Dysphonetic dyslexia, on the other hand, is associated with auditory-processing difficulties. These children have difficulty remembering letter sounds, analysing the individual sounds in words, and sequencing/blending these into words.
Smith lists the reading and spelling patterns of children with dysphonetic dyslexia, also called auditory dyslexia:
• Difficulty discriminating between individual sounds in beginning reading instructions (occurs very seldom).
• Difficulty processing rapid auditory inputs so that consonant sounds that cannot be sustained (p-b) are not perceived; these may then be omitted in reading.
• Poor ability to analyse the sequence of sounds and syllables in words; consequently they become reversed in reading words; this is akin to the problem faced orally when poor auditory analysis has taught the child such phrases as “lead a snot into temptation” and “Harold be Thy name” in the Lord’s prayer, or “lmnop” being one lumped cluster in the alphabet song.
• Poor ability to remember individual sounds or sequences of sounds.
• Difficulty blending individual sounds into words.
• Difficulty listening to words and omitting one sound and substituting it for another (say cat; now take off the /c/ and put on an /f/); such abilities are essential for word analysis because that is what figuring out how to phonetically decode a word is all about; children usually develop this skill with initial consonants, and then medial vowels or consonants.
• Difficulty remembering the sounds that individual letters and phonetically regular and irregular letter combinations represent.
• Inability to rapidly retrieve letter sounds while analysing words, so that the beginning of the word is forgotten by the time the last letter of the word is recalled (naming problem).

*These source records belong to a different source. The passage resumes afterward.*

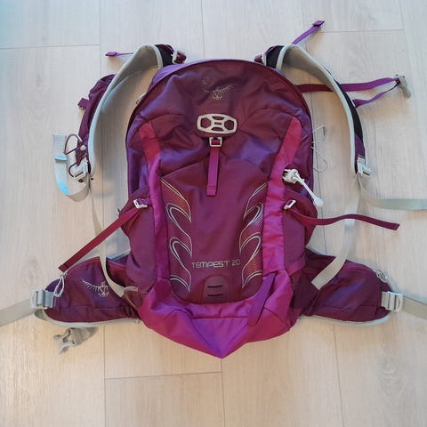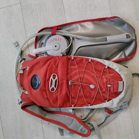 Osprey tummanpunainen saumaton sadesuojus noin 20-40 litran repuille. Pyöreä kuminauha kiristimellä, kuminauhakäytävä, tarranauha reppuun kiinnitystä varten.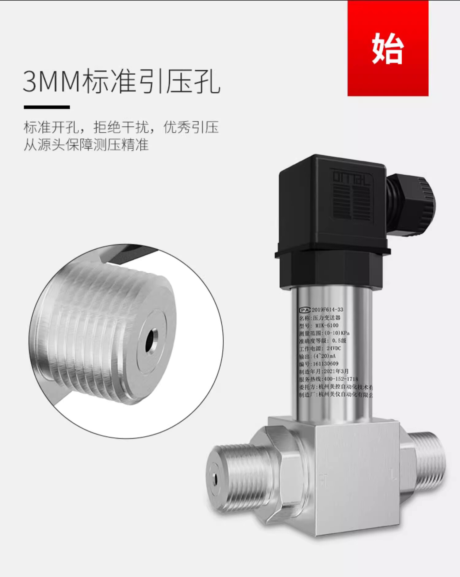 产品描述:SUP-6100系列一体化差压变送器采用OEM硅压阻式差压充油芯体组装而成。外壳为全不锈钢结构,两个压力接口为螺纹连接,可直接安装在测量管道上或通过引压管连接。 SIN-6100系列有标准电压、电流输出等可供选择,可以很方便地安装使用,广泛应用于过程控制,航空,航天,汽车,医疗设备,HVAC等领域的差压、液位、流量测控等。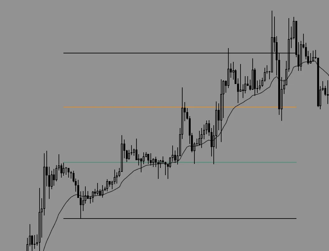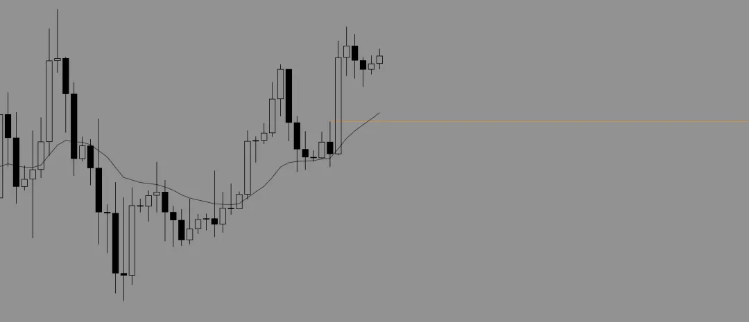 一小时细节:可以看到在触及到绿色线一倍盈亏比回调到了入场价附近,但是考虑到信号k线是如此的窄,拿到两倍是合理的,后面价格也顺利达到目标位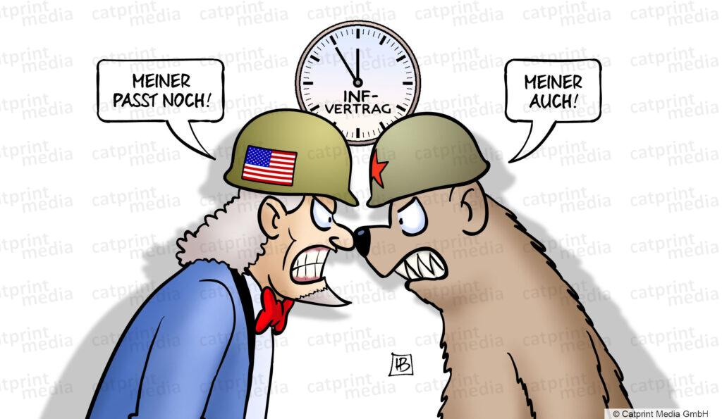 Künstler: Harm Bengen Artikelnummer: 12-33886 Kategorie: Politik Schlagwörter: Bär, usa, Krieg, Russland, vertrag, Raketen, Uncle, Sam, Abrüstung, Wettruesten, INF, Stahlhelme

• Difficulty analysing unknown words because of poor knowledge of phonetic rules and difficulty sequencing sounds.
• Difficulty applying the phonetic rules from words that can be read to pseudowords that follow the same pattern but are not real words.
• Vowel sounds are particularly troublesome.
• Word substitutions that are conceptually (person, human) or visually (horse, house) related, but not phonetically related.
• Limited sight vocabulary because the student cannot memorise an abundance of words without the benefit of phonetic cues.
• Guessing at unfamiliar words rather than employing word-analysis skills.
• Spelling remains below reading level because it is attempted by sight rather than by ear.
• Correct spellings occur primarily on words that the child has encountered repeatedly and therefore can revisualize.
• Bizarre spellings that seldom can be identified, even by the child, because they do not follow phonetic patterns.
• Extraneous letters and omitted syllables in spelling.